"Валентин Петрович Катаев. Почти дневник (Статьи, очерки)" - читать интересную книгу автора

Престарелые ученые, писатели с именами, не успевшие бежать издатели,
актеры и местные молодые поэты заседали по многу часов кряду, пытаясь не
столько договориться до дела, сколько хоть немного понять друг друга.
Свобода на этих собраниях была полная. Наиболее консервативная часть
ставила вопрос о самом факте признания Советской власти. Для них вопрос
"признавать или не признавать" был вопросом первостепенной важности. Они
даже не подозревали, что власть совершенно не нуждается в их признании и
разрешает им собираться исключительно для того, чтобы они могли лучше
познакомиться с порядком вещей в Республике.
Наиболее левая часть собрания, молодые поэты и художники
преимущественно, левые не только в области искусства, но и в области
политики, требовали не только полного признания власти, но также и активного
перехода на советскую платформу. Они призывали к сотрудничеству с рабочими и
желали объединения на этой почве.
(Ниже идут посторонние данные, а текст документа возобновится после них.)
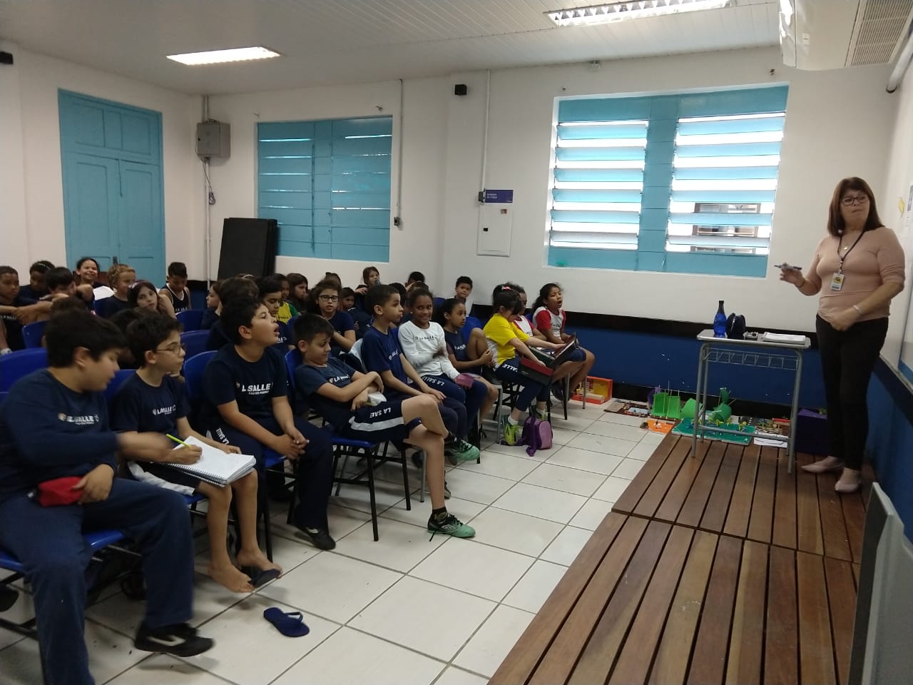 Os alunos dos 3°anos trabalharam com a professora Niúra os estados físicos da água, como a água se apresenta nos estados sólido, líquido e gasoso. Foi falado sobre os átomos de hidrogênio e oxigênio que formam a molécula da água. Os alunos exemplificaram cada processo para melhor entendimento e demonstraram o conhecimento adquirido, através de uma aula prática.
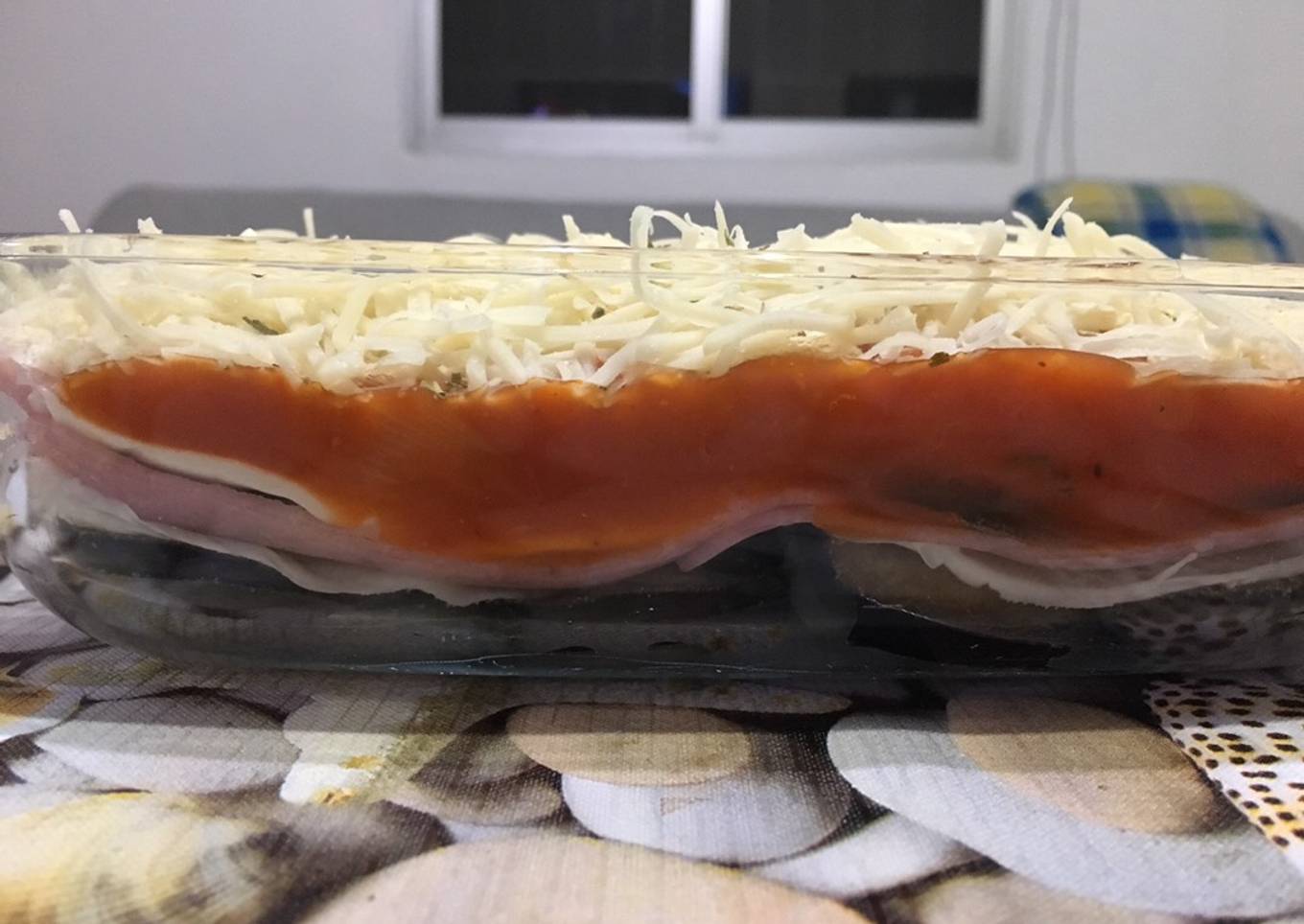 - 1.las berenjenas 2 queso loncha, 3 jamón York y así vas montando todas las veces que quieras

Средняя, наиболее осторожная часть упорно
стояла на почве чисто профессионального объединения, старательно избегая
вопроса о самом признании или непризнании существующей власти.
Я видел одно из этих собраний.
В большом, очень изящно отделанном зале, где еще так недавно лакеи во
фраках прислуживали эстетам в бархатных куртках и актрисам, разрисованным по
самой последней моде, теперь стояли стулья и грубые скамьи. На скамьях и
стульях сидели взволнованные, выбитые из колеи люди. В проходах толпились
опоздавшие.
Я видел знаменитого академика по разряду изящной словесности, сидевшего
в углу и опиравшегося подбородком о набалдашник толстой палки. Он был желт,
зол и морщинист. Худая его шея, вылезавшая из цветной манишки, туго
пружинилась. Опухшие, словно заплаканные, глаза смотрели пронзительно и
свирепо. Он весь подергивался на месте и вертел шеей, словно ее давил
воротничок. Он был наиболее непримирим.
Я видел другого академика (ныне покойного), почтенного филолога, очень
растерянно и по-стариковски согнувшись сидевшего во втором ряду рядом со
своей женой, сухой и бойкой старушкой. Он никак не мог понять, зачем так
много народа, что они хотят и почему кричат.
За столом президиума сидел рыжебородый издатель, ассириец с длинными
глазами навыкате, и очень мохнатый, похожий на геральдического медведя,
поэт-декадент с крупным всероссийским именем.
Говорил преимущественно поэт. Он был лидер золотой середины. Очень
приятным, грубоватым и убедительным эстрадным голосом он призывал собрание
под знамена профессионального союза, пропуская мимо ушей вопросы о признании
и непризнании. Он говорил о том, что мастерство печатника, что закон
типографской буквы и закон поэтического звука - есть один и тот же закон.
При этом он очень удачно цитировал Анри де Ренье, и себя, и еще кого-то из
новых.
Несколько раз академик по разряду изящной словесности вскакивал с места
и сердито стучал палкой об пол. Неоднократно левые демонстративно удалялись
из зала и были призываемы обратно во имя общего объединения.
Жена академика-филолога держала своего неуклюжего мужа за рукав и
требовала, чтобы он что-то сказал собранию. Несколько раз старик подымался,
вытаскивал из кармана мятый носовой платок, улыбался и садился на место, так
как общий шум не давал ему говорить.
Так соглашение достигнуто и не было.